Parece, pues, adecuado referirse a un proyecto del régimen militar liderado por el general Juan Velasco Alvarado y que entre 1968 y 1975 desarrolló una actuación, en lo esencial, coherente. Con seguridad, este gobierno albergaba en su interior diferentes concepciones respecto de ciertas acciones del Estado, que sin duda resultaron lo suficientemente compatibles como para que se pudieran sobrellevar durante siete años del régimen reformista que representaba a la institución de las Fuerzas Armadas. Ahora bien, referirse al núcleo esencial del proyecto obliga a reconocer en él dos características centrales referidas a un origen pequeñoburgués y un carácter militar.

2. Origen: pequeñoburgués

Lo pequeñoburgués, que revela la extracción y la posición de clase mayoritaria en las Fuerzas Armadas, otorga al proyecto su intención de conciliar clases. Es la pequeña burguesía la que, por su posición social intermedia en la sociedad capitalista, «cree estar por encima del antagonismo de clases» (Marx, 1969, p. 127) y, a causa de ello, cuando se encuentra frente a tensiones sociales agudas tiende a responder considerando posible y deseable una razonada armonización de intereses entre las partes en conflicto. En el caso peruano, algunas de las diferencias sociales existentes debido a la naturaleza excluyente del régimen oligárquico intentaron ser suavizadas por las reformas del régimen militar a través de mecanismos de compensación, el más ilustrativo de los cuales es la comunidad industrial.

En esa comunidad debían reunirse todos los trabajadores de la empresa, sin distinción de quienes eran también propietarios, para obtener colectivamente una parte de las utilidades y, como consecuencia, compartir gestión y dividendos con los accionistas. Progresivamente, las clases debían ir acercando sus intereses, según lo había decretado la lógica de esta reforma.

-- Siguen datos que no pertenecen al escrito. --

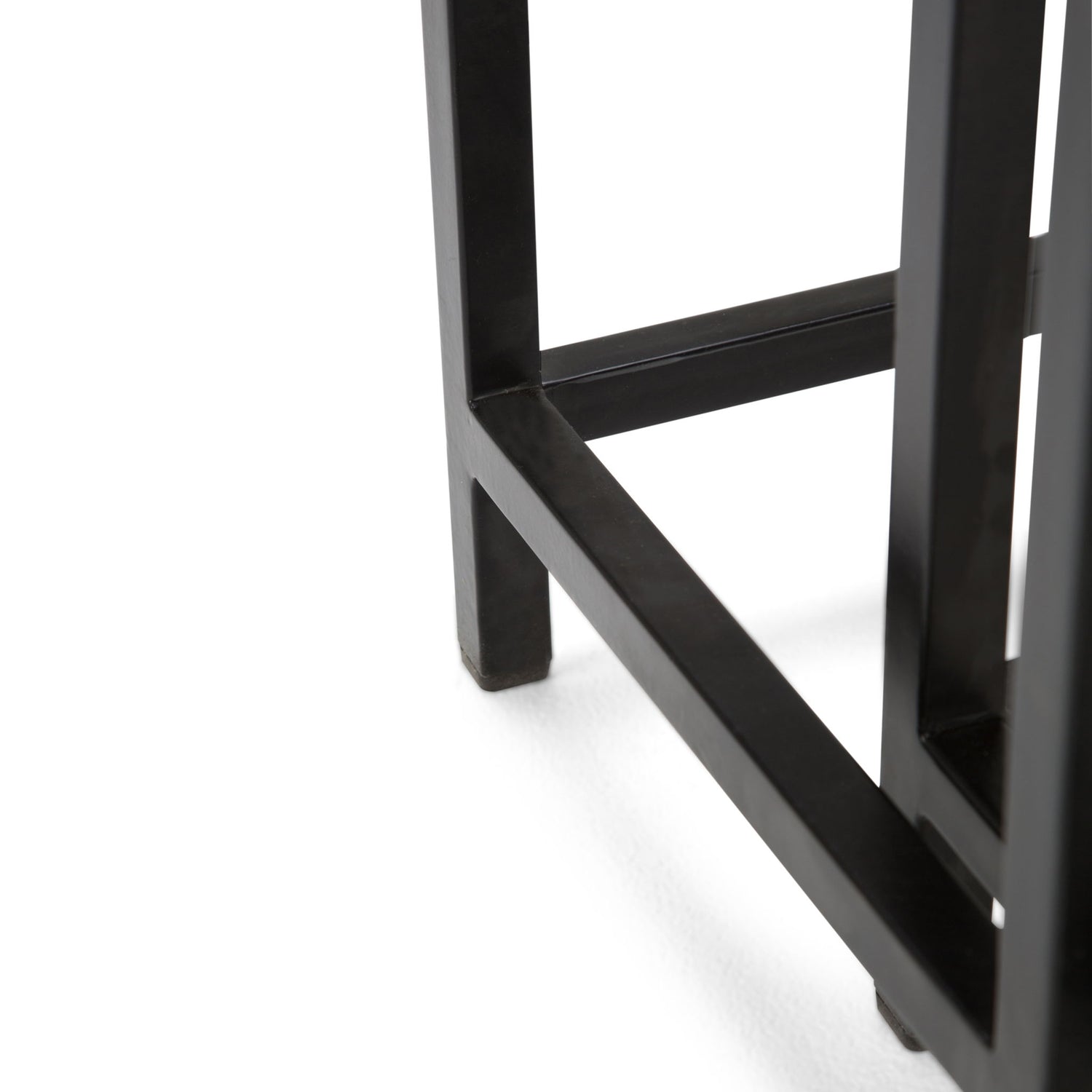 - Set includes: Two (2) Nesting Tables with black metal frame and legs

Velasco definió las previsiones oficiales sobre la comunidad industrial del modo siguiente:

[…] es enteramente lógico que al modificarse de manera sustantiva la condición de propiedad privada absoluta de los medios de producción, la relación de oposición total que de ella resulta debe también aceptar modificaciones sustanciales. Por tanto, parece inobjetable que la pretendida irreductibilidad de intereses, que condujo a la teoría de la lucha de clases como formulación interpretativa de validez histórica universal, permanente, debería ser cuestionada. Esto permite examinar con fundamento la constructiva posibilidad de encontrar un camino de conciliación de intereses sociales conflictivos que, por todo lo anterior, no deberían ser necesariamente concebidos en términos de un rígido y absoluto antagonismo insuperable (Velasco Alvarado, 1972, II, pp. 118-119).

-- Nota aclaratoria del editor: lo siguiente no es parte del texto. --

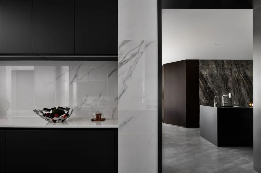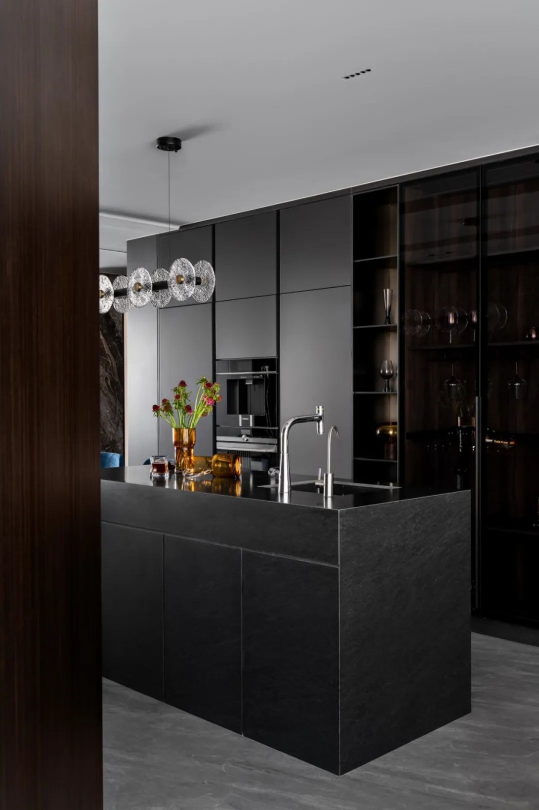 开放式厨房与餐厅一体化空间。以简洁的黑、灰为主色调,通过开放式布局融合烹饪、用餐功能,营造出流畅互动的生活场景。

Para que no se piense que la búsqueda de esta conciliación se movía en un plano declarativo, puede advertirse cómo se concibió que la comunidad industrial debía alterar las relaciones laborales existentes, devaluando el peso del sindicato y disminuyendo la carga conflictiva de las negociaciones salariales. Según el general Pedro Sala Orosco, ministro de Trabajo del régimen militar, «Cuando la participación de la comunidad laboral en la propiedad de la empresa sea más significativa, las condiciones de trabajo y de remuneración tenderán a ser fijadas dentro de la empresa, en el seno del directorio de esta y ello por la propia conveniencia de los trabajadores y empleadores porque la nueva situación que se está creando lo hará posible» (Sala Orosco, s/f, p. 10)5.

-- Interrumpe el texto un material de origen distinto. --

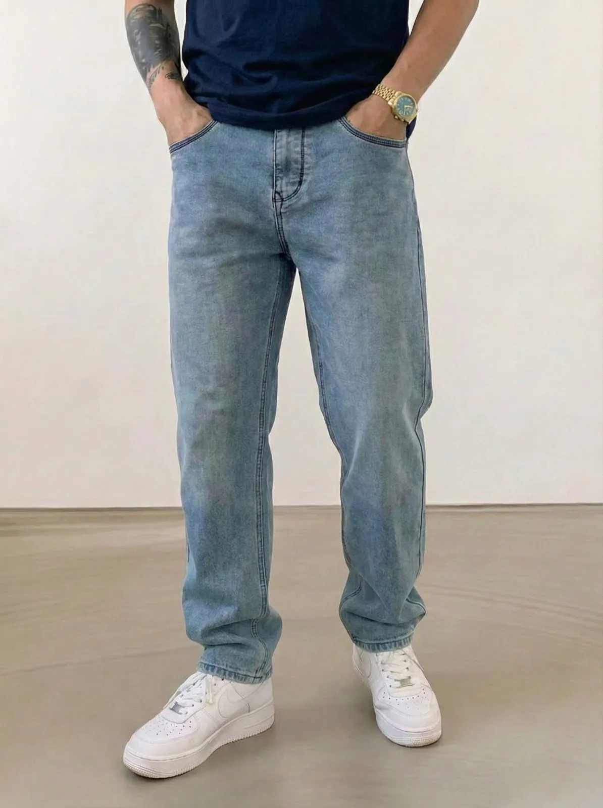 بنطلون جينز بتصميم عصري يجمع بين الراحة والأناقة. يتميز بلون فاتح ممسوح (Acid Wash) وقصة مستقيمة تناسب إطلالاتك اليومية. مصنوع من قماش عالي الجودة ليدوم طويلاً.

Esa raíz de pensamiento autorizó a generar la ilusión de un proyecto que, como sustentaba un ideólogo civil del régimen, «planteaba un programa político y un modelo de desarrollo que tenían dimensión nacional y que, por tanto, podían contar con la adhesión de todos los peruanos, independientemente de sus orígenes partidarios» (Béjar, 1976, p. 157). Según esta perspectiva, las diferencias de intereses entre grupos y sectores sociales no existen o se pueden reducir; y los conflictos y contraposiciones pueden superarse mediante la conciliación, pese al angosto espacio económico existente para ello, determinado por la condición del capitalismo periférico.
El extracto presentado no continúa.